Saturday, June 6, 2015

Xavier Moon

Context first. Xavier Moon is the name of a character from my oft-restarted, oft-aborted, novel. In truth, Xavier Moon is, in some small way, me, and in many large ways, not me. Regardless, he's become so archetypal and abstract to me that in order to write him as a character I'm going to have to fight with him a lot.

What I'm about to post here is something I wrote back in October, but chose not to post at that time. Rereading it, I figure, hey, why not? So here's a paragraph about Mr. Moon. Be warned, this is me writing the way I really write. Kerouacian, if I flatter myself, or maybe just poorly. Hard to say. Regardless, here be (intentional) run-on sentences.

Xavier Moon is an impossible character to describe, because he's really only an idea, an archetype, a reflection of myself into some mystical, mythical world of forms, but not quite that, because Plato's forms have no meaning in our historical age, when we can see the past and make - or more often not make - sense of the stories about the past that we hear and accept. Xavier Moon has been a writer, a musician, a student, an athlete, a dreamer, a dream, a lover, beloved, powerful, meek, an astrologer, a scientist, a lonely man in shirt sleeves (after Eliot), and a man burning some preposterous version of his own second Troy.
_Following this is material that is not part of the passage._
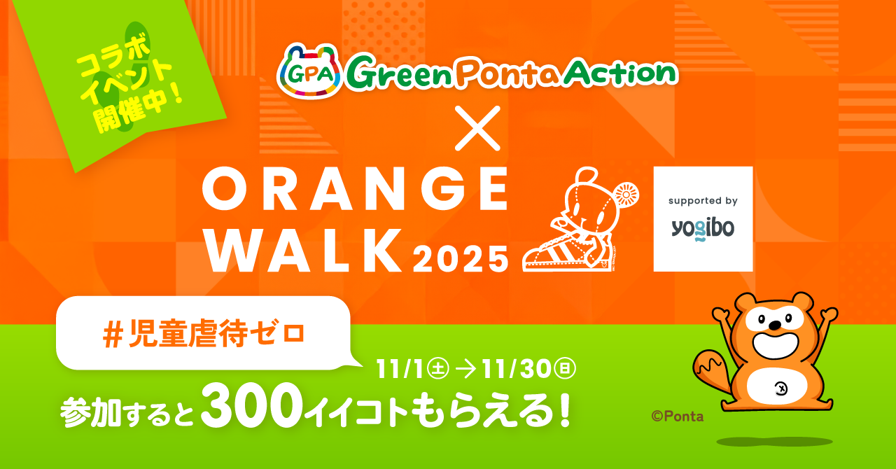 歩くことが児童虐待防止の啓発と寄付につながるイベント「ORANGE WALK 2025」にアプリ「Green Ponta Action」で参加しよう
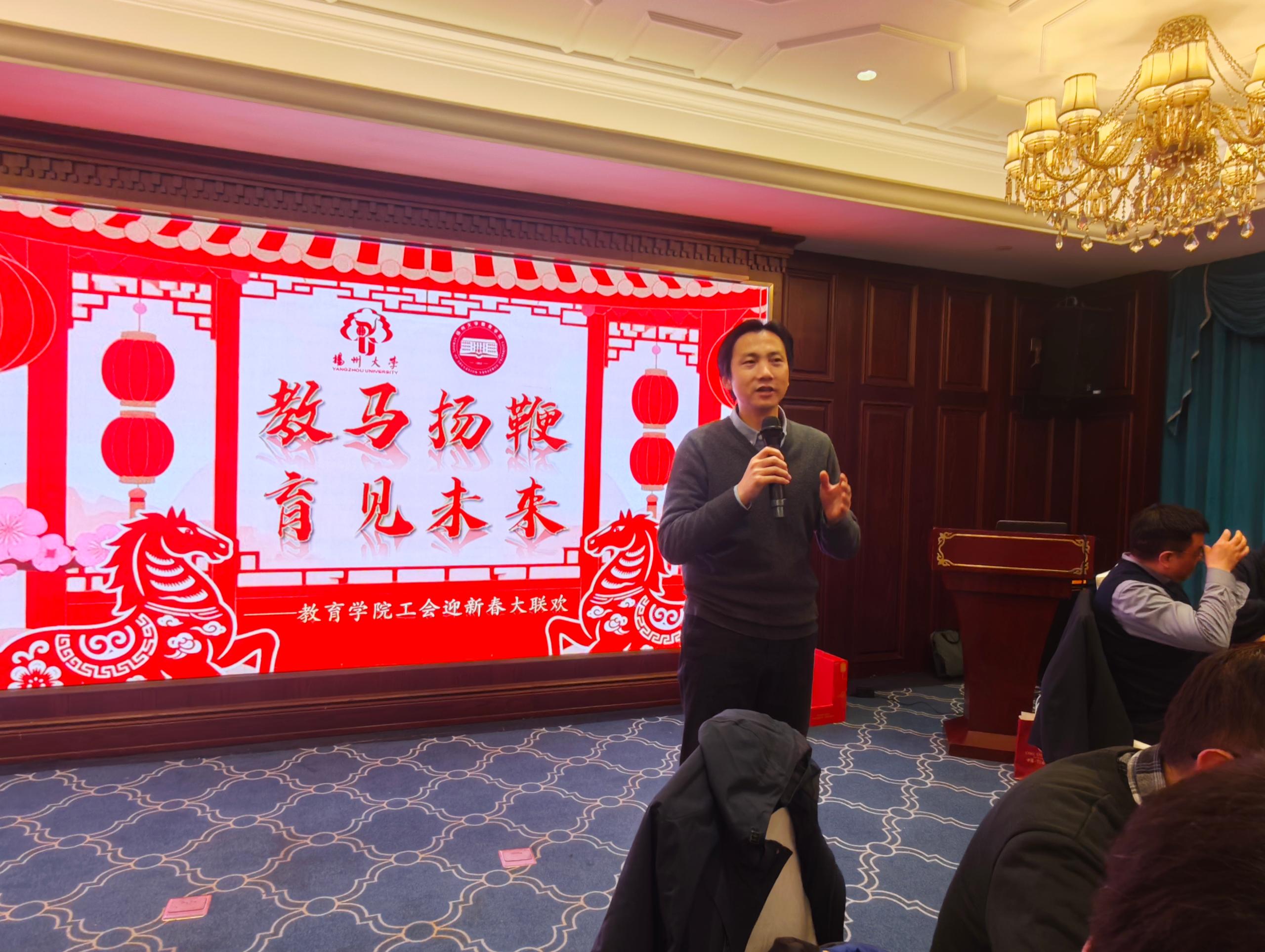 杨咏代表学院向老师们致以新春祝福,他肯定了学院过去一年的发展成果,勉励大家以团结协作的精神再创佳绩。祝愿大家在新的一年里,如骏马奔腾般锐意进取,如马到成功般事事顺遂。

Xavier Moon stays up until 3 AM, but doesn't particularly care for clocks. He wears the finest clothes, but no jewelry, and has long, black hair. Or else his hair is brown, tawny and well-kempt. Regardless, his glasses give him a dignified, intelligent bearing, and he would never be caught writing in a generic notebook with a generic pen, not because he has some superficial aversion to the cheapness of genre, but because he somehow finds himself always surrounded by finery, as if by accident. He is no great man, but he draws the greatness of others to him. Except, there's a catch, because in the process of attracting and enabling power to come to be his own lunarity inflicts some shadowy maleficence upon the shining virtue of his interlocutor. He might rationalize his corrupting bearing by explaining that, in truth, there is no such thing as greatness uncorrupted, or else he might remind those poor souls to whom he is midwife that all births - especially significant ones - are painful.